I presume you think that the auto industry and banking are only temporarily troubled and will eventually become strong enough to stand on their own. In these two cases, you presumably view your interventions like a cast applied to a broken leg. The fracture needs time and protection to heal, but eventually the cast must come off. Based on your argument that the private sector will benefit from some honest competition, you clearly believe that private health insurance is an arena which must not simply disappear into the ocean of government. So, if you can lay out your plan for a government exit of the health care market once the adjustments and healing you think must take place have occurred, that would assure me you aren't secretly intending to permanently nationalize one sixth of our country's economy.

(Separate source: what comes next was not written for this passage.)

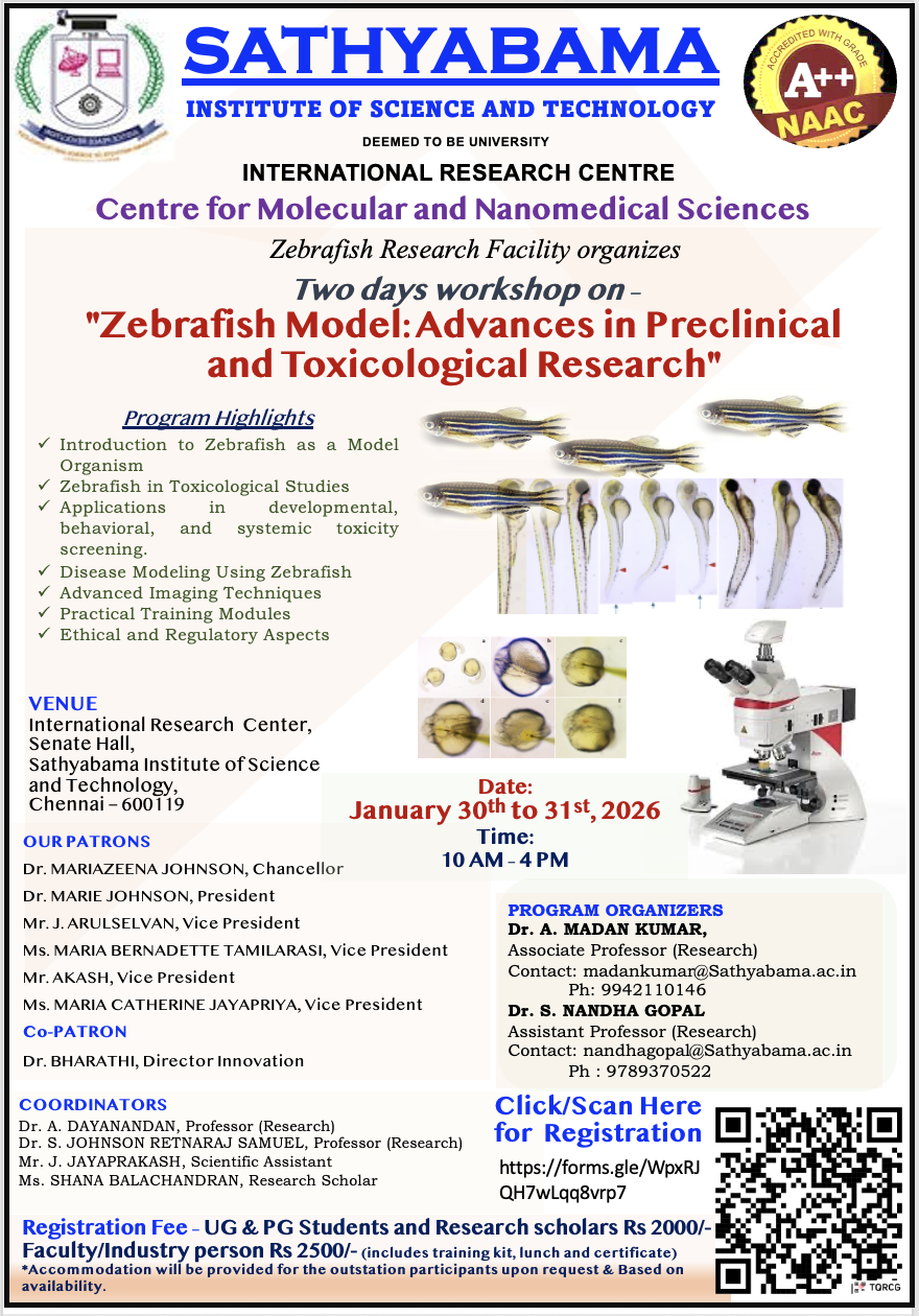Sathyabama Institute of Science and Technology is organising Two days workshop in “Zebrafish Model: Advances in Preclinical and Toxicological Research” which will be held on January 30th to 31st, 2026 at our Cancer biology lab, International Research Centre, Sathyabama Institute of Science and Technology, Chennai through Physical mode.

So these are my requests: They don't cover all the issues raised in the course of the past few weeks, and I'll probably have other questions along the way. But answering these three simple questions will make me much more willing to live with whatever plan you propose. I will know that you are aware of the dangers to be avoided in government intervention in health care. I will know that Congress must live under its own law and that measurable objectives will definitively show whether their plan is working. And I will know that you have a clear but temporary plan for getting our health care industry back on track. If you can answer these three requests, I might even be willing to forgive your suspicious haste in doing all of this. I understand the importance of timing in politics, and providing these assurances, I'm willing to believe you're acting in haste for this reason rather than because you know that a thorough inspection of the house will reveal sagging ceilings and foundation cracks.
I am a conservative. I do fear big government. And I do like my health care. But I'm willing to take your health plan more seriously if you can answer these questions the right way.